**Work task**
Only text belongs in your copy of the listing below; reproduce it exactly and leave out the pictures.
==== Collected data ====
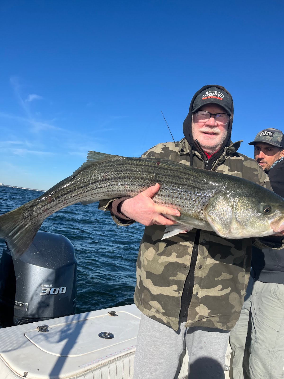 Had long time regular Rich Serpe with son Nick today. Got on the stripers early and had nice pick of fish from 35-40 inches. Lot of fun on ultra light tackle!
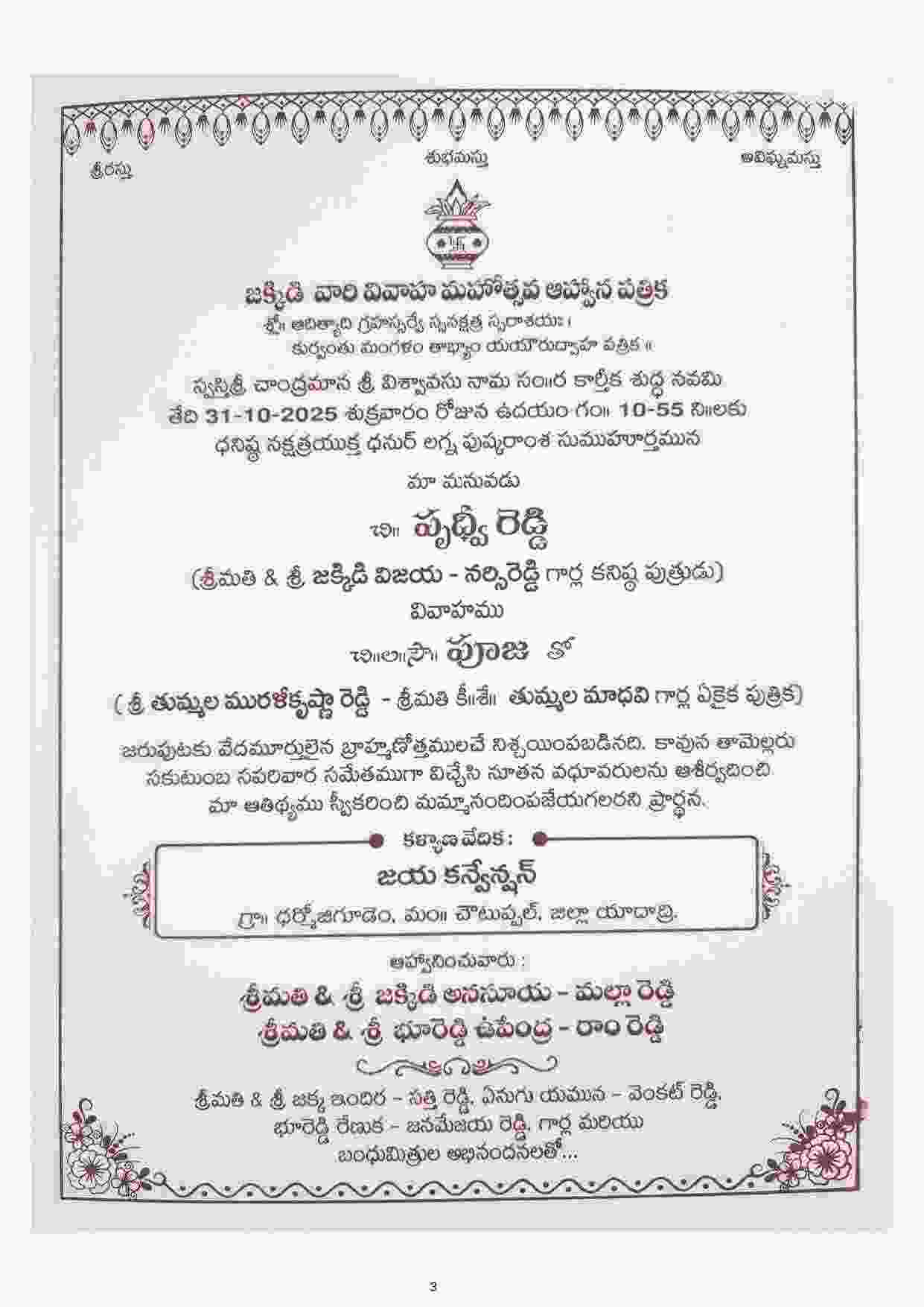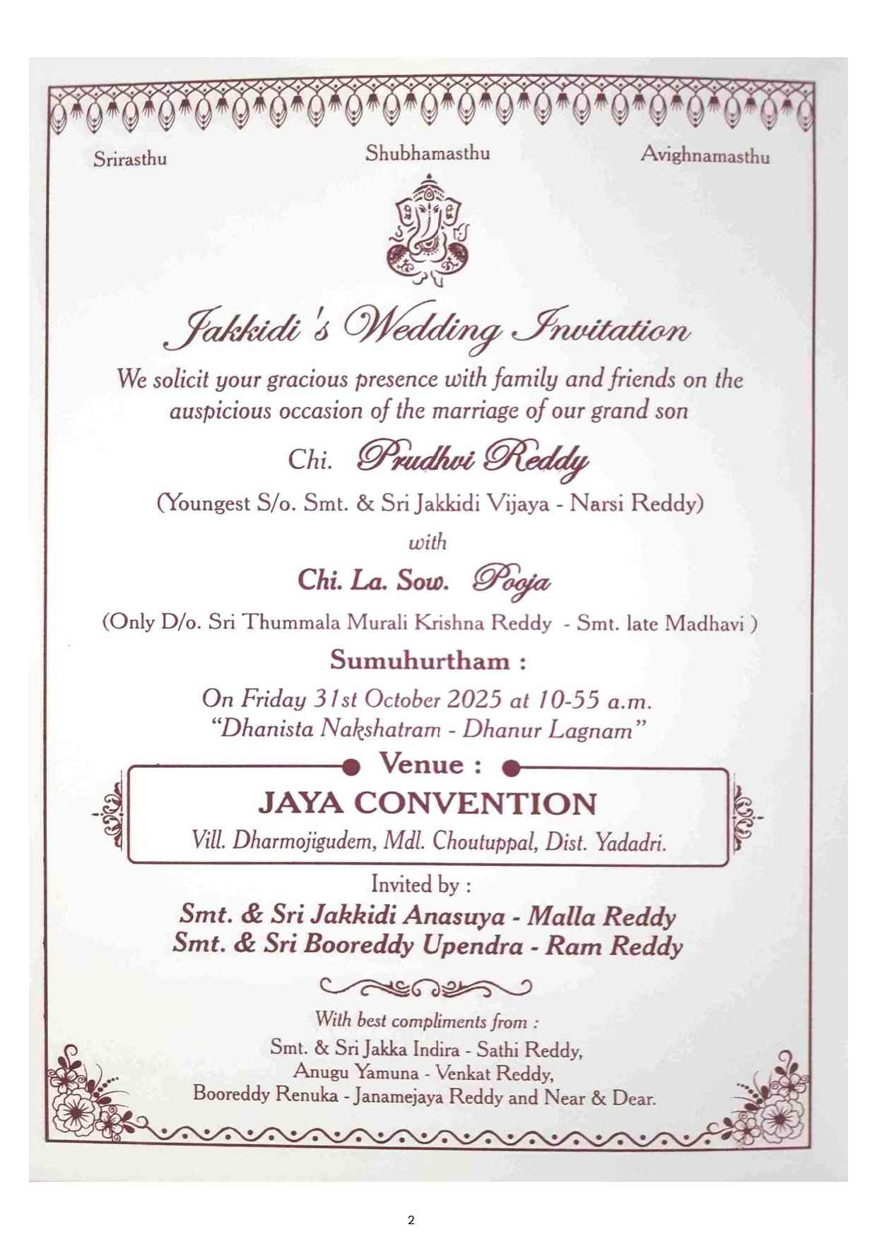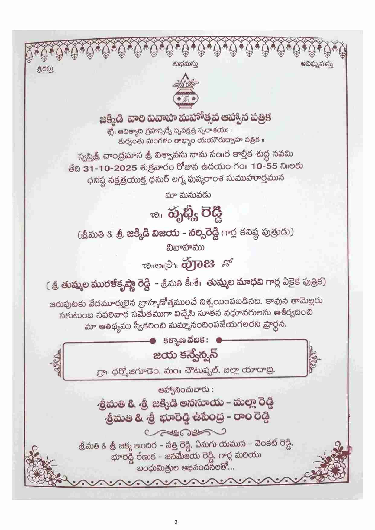 Venue: Jaya Convention, Dharmojigudem, Choutuppal
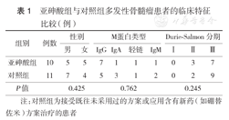 亚砷酸组与对照组多发性骨髓瘤患者的临床特征比较(例)
====
**Task response**
 Had long time regular Rich Serpe with son Nick today. Got on the stripers early and had nice pick of fish from 35-40 inches. Lot of fun on ultra light tackle!
 Venue: Jaya Convention, Dharmojigudem, Choutuppal
 亚砷酸组与对照组多发性骨髓瘤患者的临床特征比较(例)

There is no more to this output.